I like your patch, my comments on it below

> But you may well prefer that we split it into two: with me taking
> responsibility and blame for the preliminary patch which relaxes
> the locking, and you then adding the mem_cgroup_charge (and the
> exceptional mem_cgroup_uncharge_page) on top of that.
> 

Sounds good, you could submit both parts to Andrew. I think
Andrew would like to split up the patches as well, so that
the major change of scanning without the lock and the
memory controller fix are two different patches.
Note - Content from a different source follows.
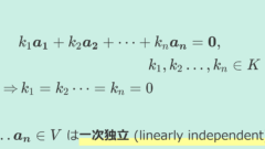 なお,本記事では \mathbb{R}, \mathbb{C} 上のベクトル空間のみ扱いますが一般には体 K 上のベクトル空間として考えることが可能です(初学者や数学専門外の方は無視してください)。

My changes
are pretty trivial and well covered under your patch.

> Hugh
> 
>> Signed-off-by: Balbir Singh <balbir at linux.vnet.ibm.com>
>> ---
>>
>>  mm/swapfile.c |   16 ++++++++++++----
>>  1 file changed, 12 insertions(+), 4 deletions(-)
>>
>> diff -puN mm/swapfile.c~memory-controller-fix-unuse-pte-charging mm/swapfile.c
>> --- linux-2.6.23-rc8/mm/swapfile.c~memory-controller-fix-unuse-pte-charging	2007-10-03 13:45:56.000000000 +0530
>> +++ linux-2.6.23-rc8-balbir/mm/swapfile.c	2007-10-05 08:49:54.000000000 +0530
>> @@ -507,11 +507,18 @@ unsigned int count_swap_pages(int type, 
>>   * just let do_wp_page work it out if a write is requested later - to
>>   * force COW, vm_page_prot omits write permission from any private vma.
>>   */
>> -static int unuse_pte(struct vm_area_struct *vma, pte_t *pte,
>> -		unsigned long addr, swp_entry_t entry, struct page *page)
>> +static int unuse_pte(struct vm_area_struct *vma, pte_t *pte, pmd_t *pmd,
>> +		unsigned long addr, swp_entry_t entry, struct page *page,
>> +		spinlock_t **ptl)
>>  {
>> -	if (mem_cgroup_charge(page, vma->vm_mm, GFP_KERNEL))
>> +	pte_unmap_unlock(pte - 1, *ptl);
>> +
>> +	if (mem_cgroup_charge(page, vma->vm_mm, GFP_KERNEL)) {
>> +		pte_offset_map_lock(vma->vm_mm, pmd, addr, ptl);
>>  		return -ENOMEM;
>> +	}
>> +
>> +	pte_offset_map_lock(vma->vm_mm, pmd, addr, ptl);
>>  
>>  	inc_mm_counter(vma->vm_mm, anon_rss);
>>  	get_page(page);
>> @@ -543,7 +550,8 @@ static int unuse_pte_range(struct vm_are
>>  		 * Test inline before going to call unuse_pte.
>>  		 */
>>  		if (unlikely(pte_same(*pte, swp_pte))) {
>> -			ret = unuse_pte(vma, pte++, addr, entry, page);
>> +			ret = unuse_pte(vma, pte++, pmd, addr, entry, page,
>> +					&ptl);
>>  			break;
>>  		}
>>  	} while (pte++, addr += PAGE_SIZE, addr != end);
> 
> --- 2.6.23-rc8-mm2/mm/swapfile.c	2007-09-27 12:03:36.000000000 +0100
> +++ linux/mm/swapfile.c	2007-10-07 14:33:05.000000000 +0100
> @@ -507,11 +507,23 @@ unsigned int count_swap_pages(int type, 
>   * just let do_wp_page work it out if a write is requested later - to
>   * force COW, vm_page_prot omits write permission from any private vma.
>   */
> -static int unuse_pte(struct vm_area_struct *vma, pte_t *pte,
> +static int unuse_pte(struct vm_area_struct *vma, pmd_t *pmd,
>  		unsigned long addr, swp_entry_t entry, struct page *page)
>  {
> +	spinlock_t *ptl;
> +	pte_t *pte;
> +	int ret = 1;
> +
>  	if (mem_cgroup_charge(page, vma->vm_mm, GFP_KERNEL))
> -		return -ENOMEM;
> +		ret = -ENOMEM;
> +


With this change I think, ret = mem_cgroup_charge(....) makes
more sense

> +	pte = pte_offset_map_lock(vma->vm_mm, pmd, addr, &ptl);

We map the pte in unuse_pte_range() and unmap it before
calling this routing, can't we keep it mapped and acquire the lock
here? Looking through pte_offset_map_lock, it did not seem
like mapping and acquiring the lock were indivisible operations.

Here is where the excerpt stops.